Keeping Students Organized

Being organized is often an indicator of a student’s success in school, and it certainly does help a student function better.  When everything is in its right place, all assignments written down, and student activities directed in an organized way (especially in the younger grades), students are much better organized and function better as they progress through school. Students also experience less stress when everything is arranged and done in an orderly fashion.  Following are a few main aspects of student organization, along with suggestions on how to encourage your students to achieve them.
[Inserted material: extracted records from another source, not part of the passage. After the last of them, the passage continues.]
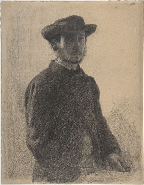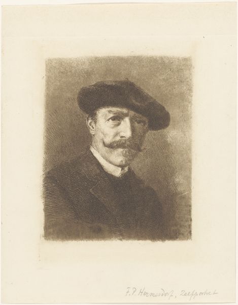 Editor: This is P.S. Krøyer’s self-portrait, created as an etching in 1898. The monochromatic palette gives it an intimate, almost vulnerable feel. What social or artistic context might have influenced Krøyer to depict himself in this way? Curator: That's an astute observation. Consider Krøyer's position within the artistic and societal currents of the late 19th century. He was deeply embedded in the Skagen artistic colony, which celebrated naturalism and plein air painting. Yet, this etching, made during a period when Krøyer was struggling with mental illness, offers a strikingly different narrative. How might his personal struggles relate to the public image he cultivates through art? Editor: That’s interesting. It feels almost contradictory, right? This almost romantic artistic movement with his deeply personal battle. Did the art world grapple with the representation of mental health at the time? Curator: Precisely. Mental illness carried a considerable social stigma. His choice to create and exhibit this self-portrait is potentially a radical act, challenging prevailing norms. Do you see this work as solely an introspective look or also potentially a comment on the accepted visual language for representing artists, and perhaps, humanity itself? Editor: I see what you mean. I was so caught up in the face value, in it being a self-portrait, but that almost restricts what I was willing to look for beyond that initial thought. I’ll need to spend more time looking beyond that now! Curator: And that’s the essence of historical inquiry. It's about questioning, contextualizing, and understanding the multilayered dialogues art creates with society. I will definitely ponder more on the potential subversiveness in revealing vulnerability through a "public" act of art, the self-portrait.
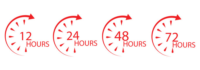 12 hours service icon vector set. Red 12h duration sign. Red 12 hours clock arrow icons, work and delivery time symbols. Red 12hr support sign collection. 12 hours icon vector set.
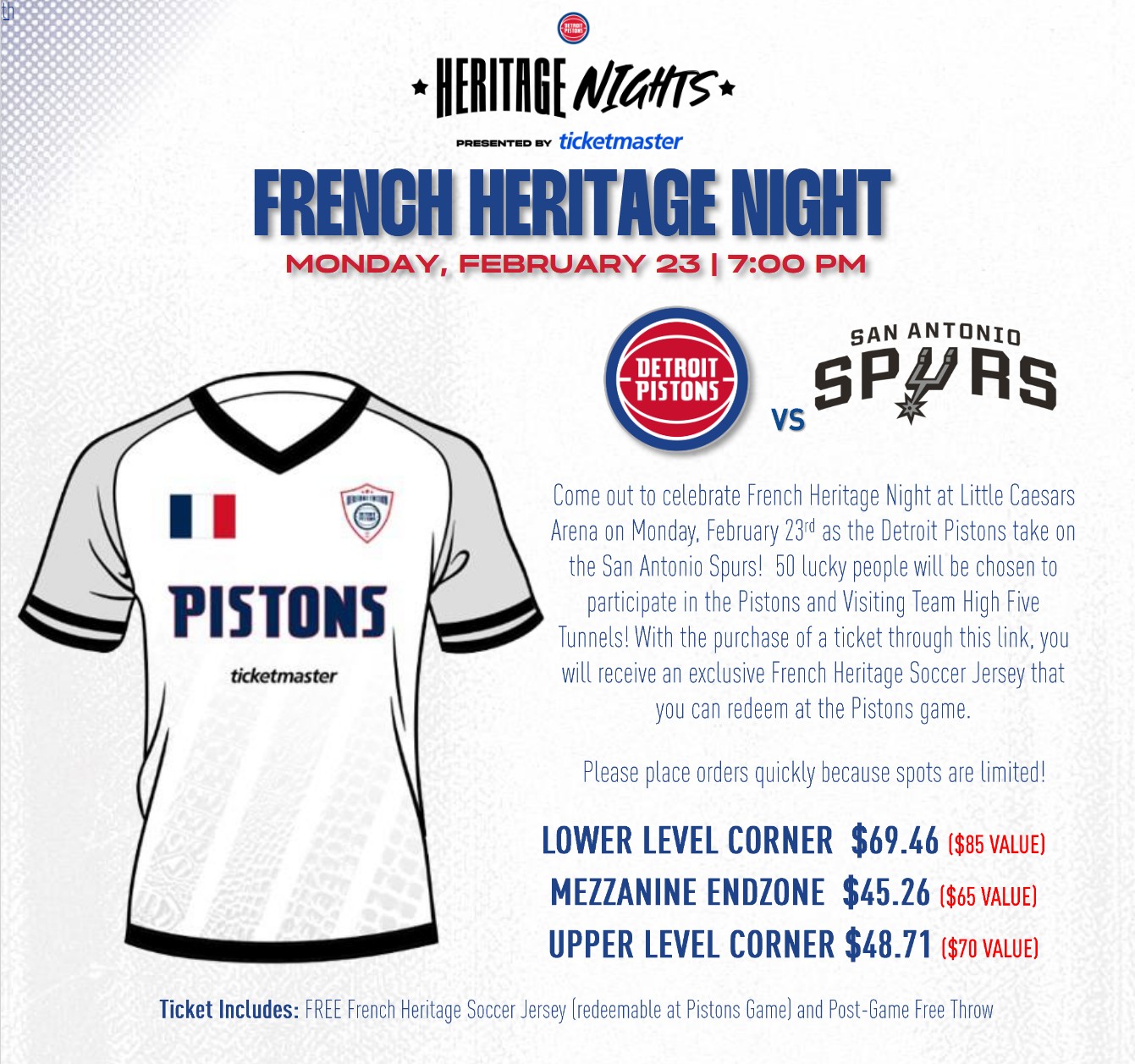 Come out to celebrate French Heritage Night at Little Caesars Arena on Monday, February 23rd as the Detroit Pistons take on the San Antonio Spurs at 7pm! Enjoy a special pre-game performance. With the purchase of a ticket you will receive a Special Edition French Heritage Pistons Soccer Jersey that you can redeem at the Pistons game and a free throw on the Pistons court.
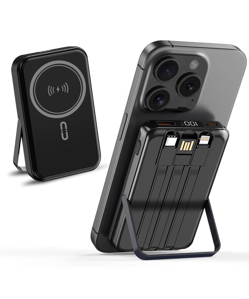 Stay powered anywhere with the 10,000mAh Magnetic Wireless Power Bank, the ultimate portable charging solution for iPhone users on the go. Designed with a high-density 10,000mAh battery, this compact power bank provides reliable, all-day energy—charging your iPhone 16/15/14/13/12 Pro up to two times and iPhone 16/15/14/13/12 Pro Max & 16/15/14/13/12 Plus up to 1.5 times. Featuring strong magnetic adsorption technology and nano-grip precision, it securely attaches to your device for seamless MagSafe-style charging. The LED digital display lets you monitor exact battery levels at a glance, while the built-in foldable stand allows hands-free use—perfect for watching videos or video calls during charging. With triple device support (wireless + Lightning + Type-C), this multifunctional charger lets you power up multiple devices simultaneously. Features 3 built-in cables, 1x Lightning output, 1x Type-C output, and 1x USB-A input, Compact, lightweight, and designed not to block your camera, it's the ideal travel companion for work, trips, or everyday use.
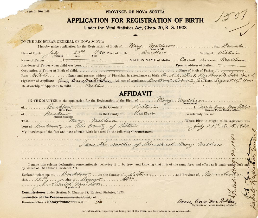 IN THE MATTER of the application for the Registration of the Birth of Mary Matheson
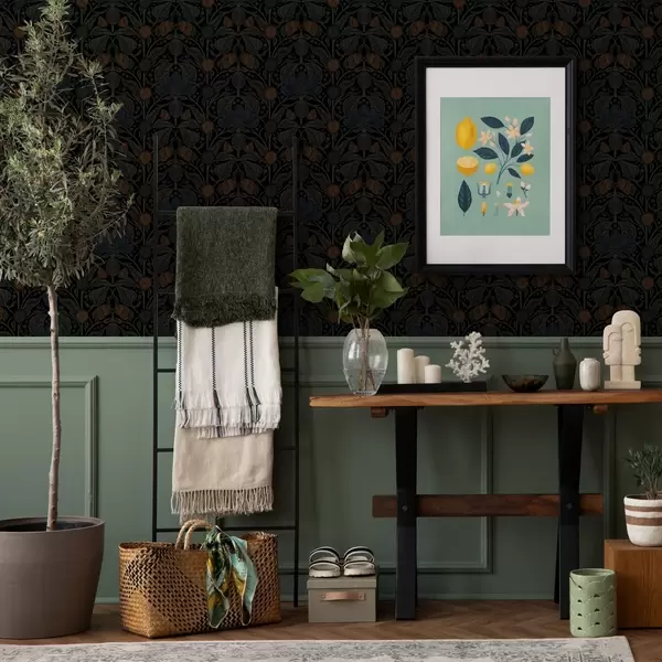 Tapeta Тамни цветни орнамент са наранџастим акцентима бр. a00411

  • Keep desks and/or lockers organized. I had a kindergartener come to school for the first time today. After welcoming him at the front door, I showed him where to put his lunch and where to hang his coat. I then walked him to his desk and helped him organize it: large items on the left, smaller items on the right. After using his colored pencils, I helped him make sure that the colored pencils went in the correct zipper pouch while the regular pencils and erasers were on the other side. If a student is taught to be organized from the start, it will often stay with him. Good habits have been established from the beginning, and the expectation of orderliness is set.

If students have not been taught to do this or for some reason do not organize their spaces, teachers can do much to instill the concept in them. Teach them how to do it, talk about it often, model how to do it, encourage it, then expect it. Give them time to do it quickly and quietly. I have often done a slow countdown (10, 9, 8, 7, . . . . ) expressly for the purpose of cleaning and organizing desks and picking up trash on the floor once the desks are organized. (I give students one “free” trip to the trash can.) Also having unannounced desk or locker checks fairly often does wonders to encourage this. Leave a small reward on the desks of the students who had a clean and organized desk, or let them go to recess first while the other students stay and organize theirs.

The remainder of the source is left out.